_TASK REQUIREMENTS_.
In the material below, find the line containing "Couteau à lame" and the line containing "Aros colgantes dorados, con". Output those two lines and all lines between them exactly, without pictures.

_THE INPUT_.
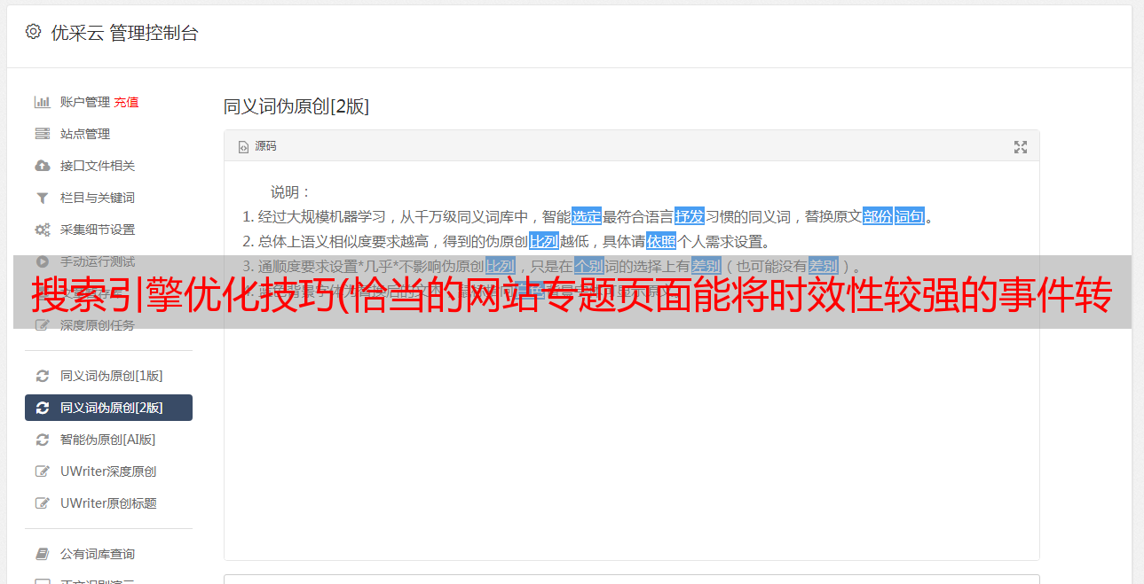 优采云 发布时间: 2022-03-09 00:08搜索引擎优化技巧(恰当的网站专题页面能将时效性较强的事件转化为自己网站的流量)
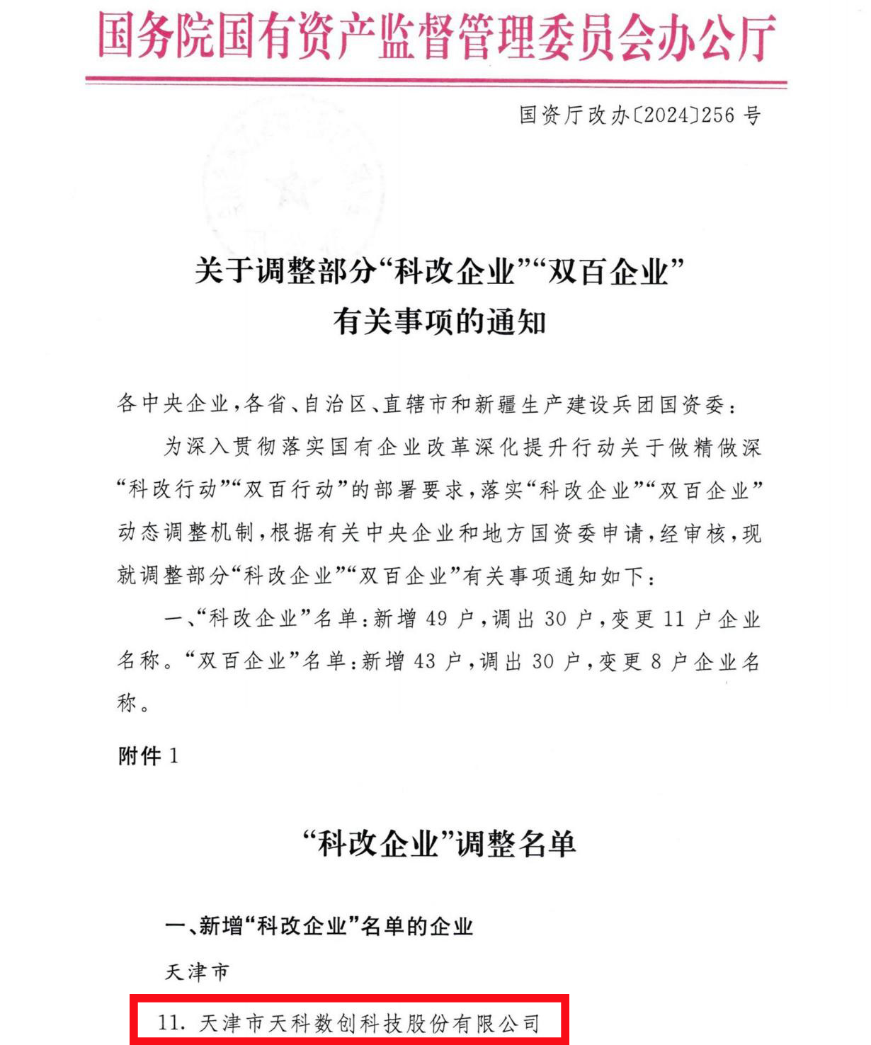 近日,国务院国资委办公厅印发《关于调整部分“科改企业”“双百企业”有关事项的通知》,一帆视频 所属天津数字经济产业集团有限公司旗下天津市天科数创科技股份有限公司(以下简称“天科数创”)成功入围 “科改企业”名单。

* * *

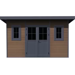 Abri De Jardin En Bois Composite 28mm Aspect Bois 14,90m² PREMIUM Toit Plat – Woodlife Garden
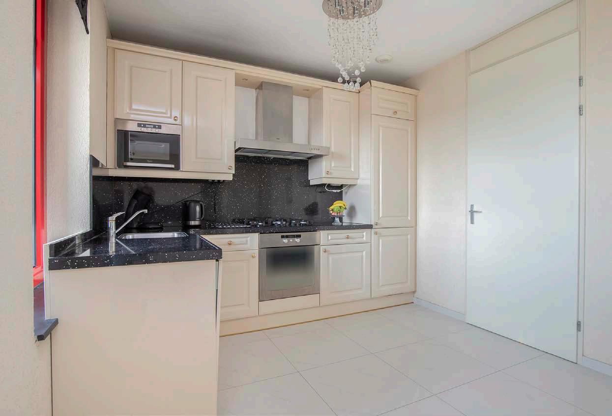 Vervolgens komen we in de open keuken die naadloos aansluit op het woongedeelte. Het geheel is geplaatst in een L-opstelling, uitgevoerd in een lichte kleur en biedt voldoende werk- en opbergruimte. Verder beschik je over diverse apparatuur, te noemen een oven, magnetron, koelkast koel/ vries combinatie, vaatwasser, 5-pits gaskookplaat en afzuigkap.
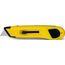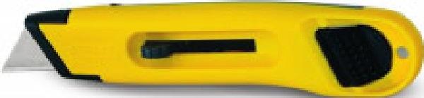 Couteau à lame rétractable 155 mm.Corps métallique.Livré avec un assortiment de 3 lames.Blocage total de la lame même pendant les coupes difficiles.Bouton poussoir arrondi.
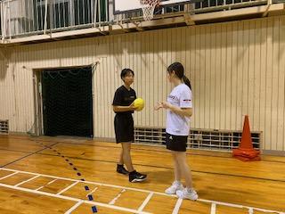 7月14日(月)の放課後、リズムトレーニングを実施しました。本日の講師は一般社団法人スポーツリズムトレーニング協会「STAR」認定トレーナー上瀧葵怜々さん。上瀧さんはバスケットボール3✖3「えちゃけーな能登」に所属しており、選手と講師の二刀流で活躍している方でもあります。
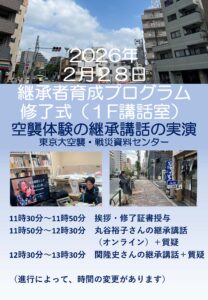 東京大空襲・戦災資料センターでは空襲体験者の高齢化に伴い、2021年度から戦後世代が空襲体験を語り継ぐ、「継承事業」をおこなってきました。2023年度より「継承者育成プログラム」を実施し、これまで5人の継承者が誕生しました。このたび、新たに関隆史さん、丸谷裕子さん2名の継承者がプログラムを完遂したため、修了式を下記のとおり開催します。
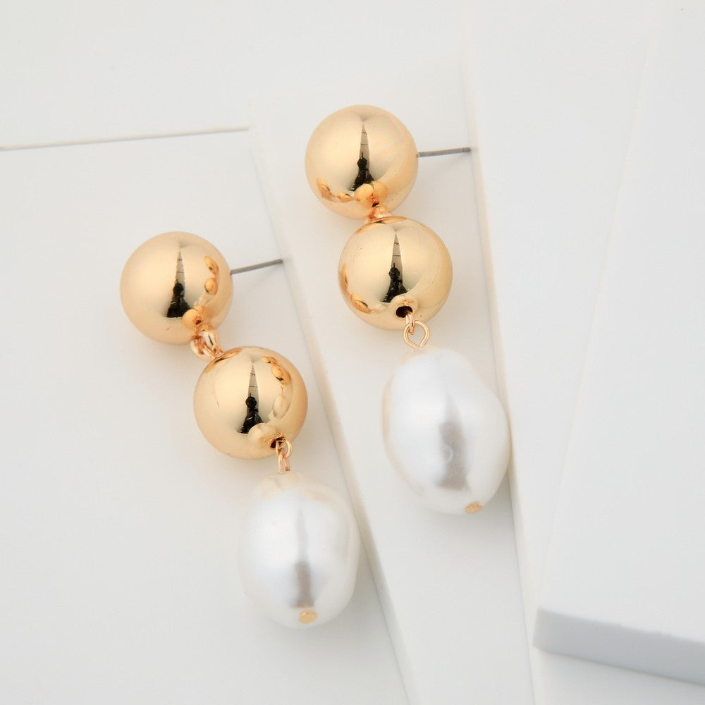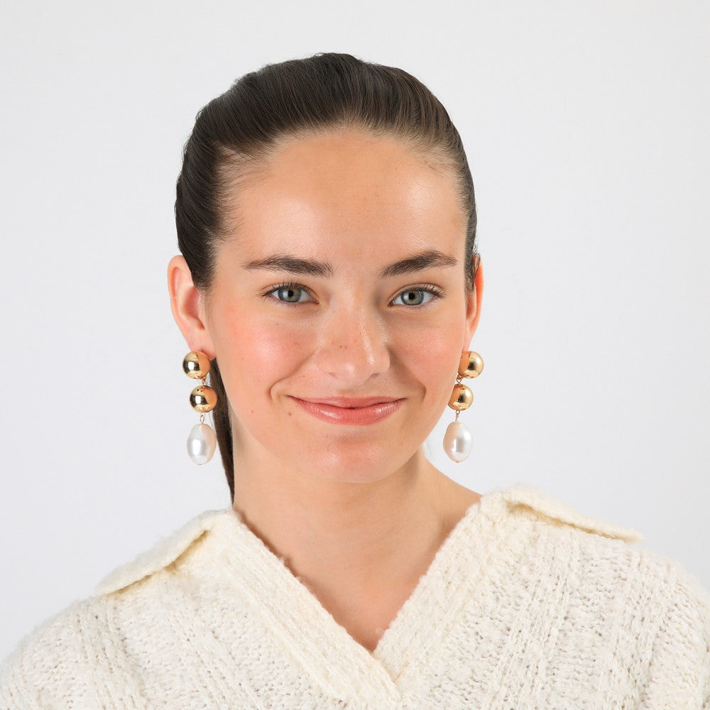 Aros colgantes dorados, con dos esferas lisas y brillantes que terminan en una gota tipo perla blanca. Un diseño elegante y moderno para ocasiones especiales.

* * *

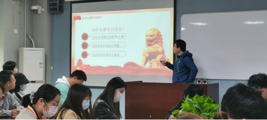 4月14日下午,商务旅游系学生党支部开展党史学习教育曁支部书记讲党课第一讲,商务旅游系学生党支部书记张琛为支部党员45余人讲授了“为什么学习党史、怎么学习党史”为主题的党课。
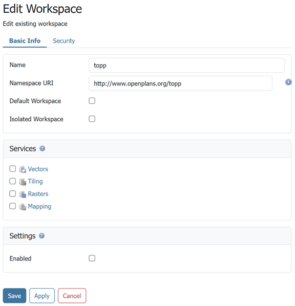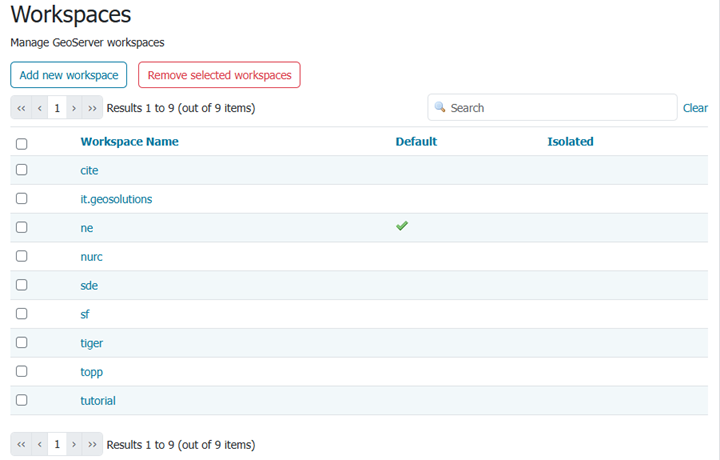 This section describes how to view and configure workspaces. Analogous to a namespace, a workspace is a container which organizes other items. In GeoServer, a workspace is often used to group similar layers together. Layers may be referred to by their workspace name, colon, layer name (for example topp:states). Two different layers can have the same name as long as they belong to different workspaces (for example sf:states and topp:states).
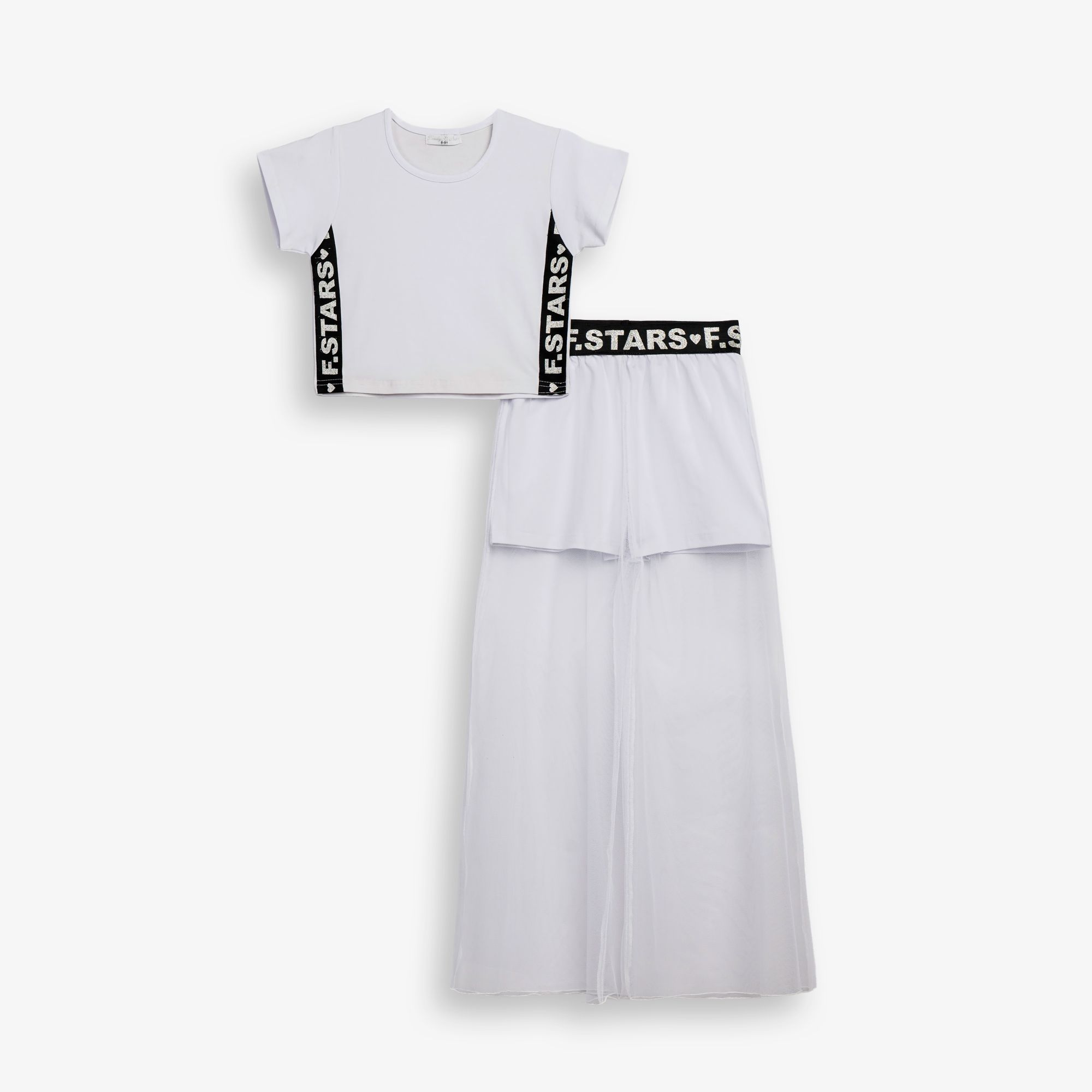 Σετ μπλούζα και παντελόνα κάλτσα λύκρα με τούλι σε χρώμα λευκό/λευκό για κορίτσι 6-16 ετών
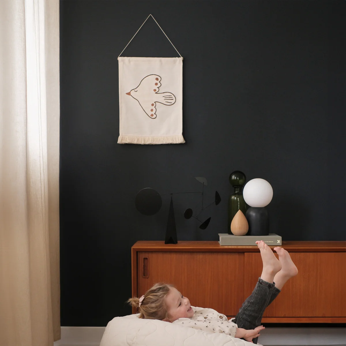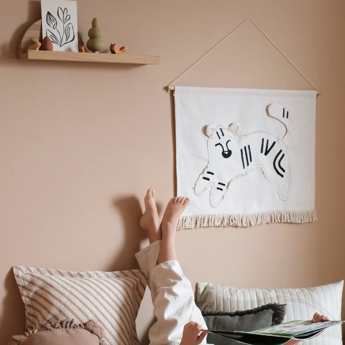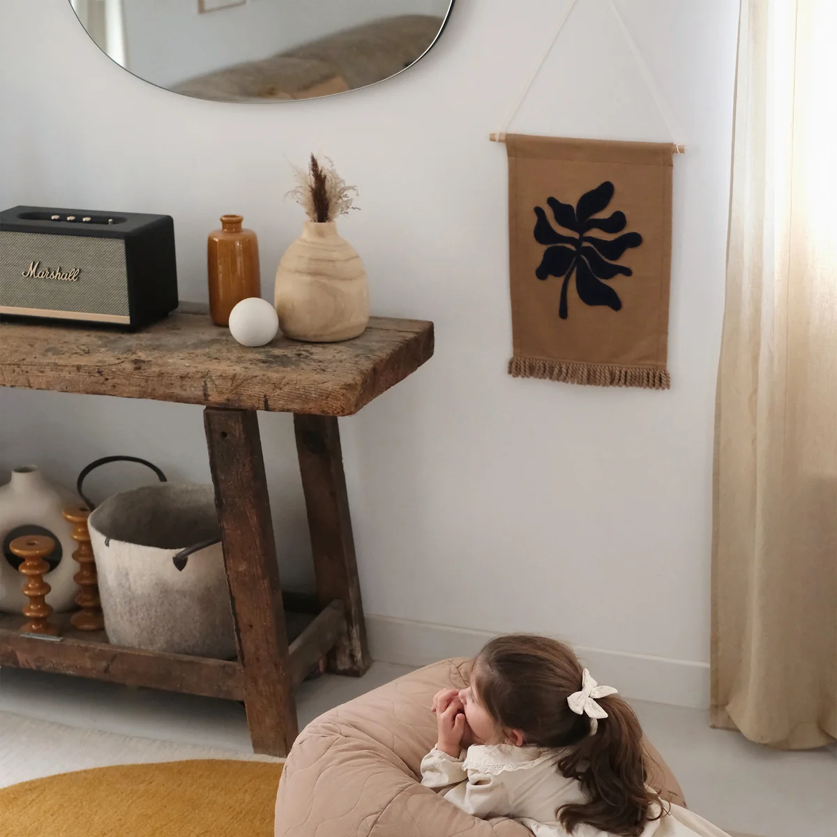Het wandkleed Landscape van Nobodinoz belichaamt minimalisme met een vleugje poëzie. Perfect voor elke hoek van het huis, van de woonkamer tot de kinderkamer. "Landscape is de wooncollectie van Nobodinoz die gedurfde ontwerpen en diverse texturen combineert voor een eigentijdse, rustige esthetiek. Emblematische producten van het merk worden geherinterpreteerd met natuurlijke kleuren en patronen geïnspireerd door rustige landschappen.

_EXERCISE SOLUTION_.
 Couteau à lame rétractable 155 mm.Corps métallique.Livré avec un assortiment de 3 lames.Blocage total de la lame même pendant les coupes difficiles.Bouton poussoir arrondi.
 7月14日(月)の放課後、リズムトレーニングを実施しました。本日の講師は一般社団法人スポーツリズムトレーニング協会「STAR」認定トレーナー上瀧葵怜々さん。上瀧さんはバスケットボール3✖3「えちゃけーな能登」に所属しており、選手と講師の二刀流で活躍している方でもあります。
 東京大空襲・戦災資料センターでは空襲体験者の高齢化に伴い、2021年度から戦後世代が空襲体験を語り継ぐ、「継承事業」をおこなってきました。2023年度より「継承者育成プログラム」を実施し、これまで5人の継承者が誕生しました。このたび、新たに関隆史さん、丸谷裕子さん2名の継承者がプログラムを完遂したため、修了式を下記のとおり開催します。
 Aros colgantes dorados, con dos esferas lisas y brillantes que terminan en una gota tipo perla blanca. Un diseño elegante y moderno para ocasiones especiales.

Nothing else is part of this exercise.